Even as we arrived the Bear roared defiance and the straw suddenly parted, revealing a disheveled and sweating Charles underneath. He shrugged the suit backwards and off, crying out in a very human voice, "Help me! Help me!"

Those who had attended other Halloweens in Low Ferry all knew where to look even before the fire flared to life. Behind the low graveyard wall was a sudden red glow, and a lithe body vaulted over the stone and ran across the graves, carrying a flickering torch made of rags dipped in pitch and wrapped around a long stick. He darted through the crowd, the flame trailing out behind him, and touched the torch to the Straw Bear costume as he ran past. It flared up bright, crackling merrily. The new Fire Man was good. He hadn't even broken stride.

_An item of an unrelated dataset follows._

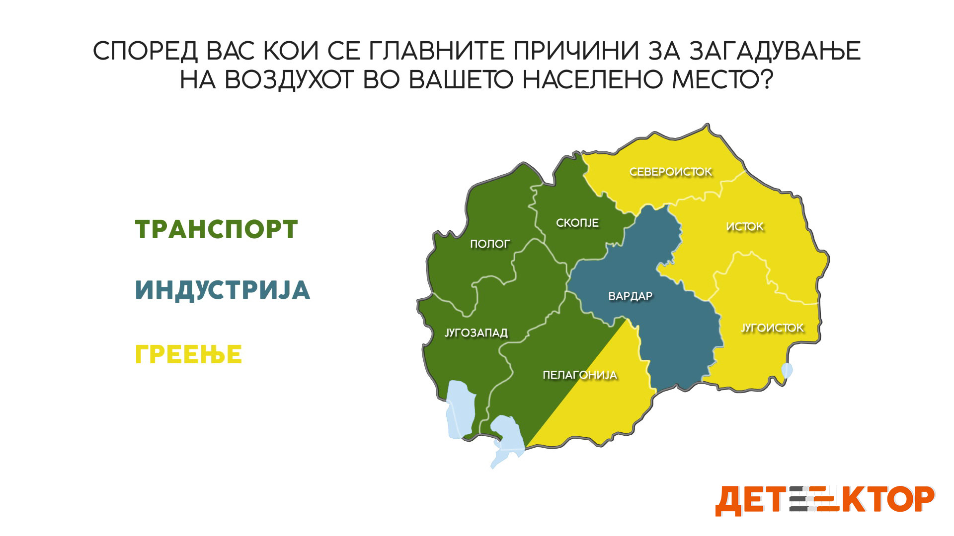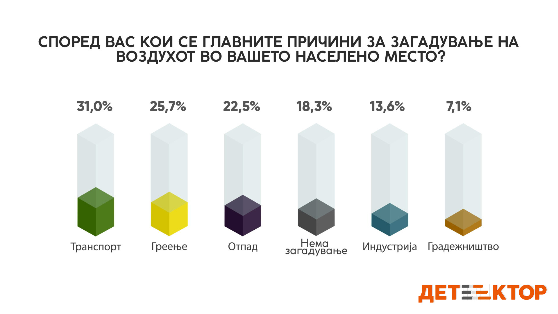 Според истражувањето, граѓаните сметаат дека транспортот, греењето и отпадот се водечки причинители на загадувањето, а потоа следуваат индустријата и градежништвото. Мнозинството од граѓаните (58,7%) сметаат и дека земјава нема соодветен пристап за справување со загадувањето на воздухот како и дека квалитетот на воздухот оваа година останува сосема ист споредено со минатата (51,7 %).

He turned before he reached the bonfire wood and ran back again, leaping straight through the flame of the burning straw. The Fire Man's leggings were thick leather and he didn't wear a shirt which could have caught fire, so it was safe enough. Clearly at some point in our history the village had figured out that it was a good idea to keep the youths from setting themselves aflame, and had arranged a dress-code accordingly.

It was a wonderful sight, as it always is. The Fire Man's mask looked new, made of brilliant strips of red and orange silk stretched across a wire frame. It came to me as he jumped a second time, twirled and danced, and jumped across the flame again that I had seen that kind of mask in the workshop Lucas kept. Hard on the heels of that thought came the realization that Lucas was at the village revels after all.

He was the one leaping over and through the flaming remains of the Straw Bear's costume, the one laughing at the children who clapped and kept time for the dance steps on either side of the leaps. I recognized the cut of his hair and the visible shape of his chin and throat, even if I had never seen him move so quickly or smile so openly. He was different – no tension in his body, no hesitant looks or slouched shoulders.

My chest tightened further, but not with sentiment – it was still hard to breathe, even if I tried to inhale on the rhythm of the clapping hands and stamping feet. Lucas jumped the flame one last time and ran to the wood piled for the bonfire, throwing the torch into the center of it. The whole crowd burst into spontaneous applause as it exploded in light and heat. I was busy trying to get enough air in my lungs to call for help.

The problem was, in the end, that my heart had yet to stop beating triple-time since Charles ambushed me in the forest. I tried to keep up with the clapping, the shouting bounced around and around in my head, but I couldn't. I wanted to see the bonfire and see Lucas pull his mask off and pick a girl for the dancing, but everything was narrowing down to a pinprick of light. Pain was flaring in my chest and my throat felt like it was closing off.

It was in the middle of Low Ferry's oldest ritual, then, that it happened: my heart gave out entirely from the strain and shock and the blow I'd taken when I'd fallen.

To everyone's surprise, mine not least of all, I died.

***

Fortunately for me, it was a short death. Which is not to say that the process of dying was short (though that too) but rather the time I spent dead could be measured in minutes rather than on a scale of "now" to "judgment day".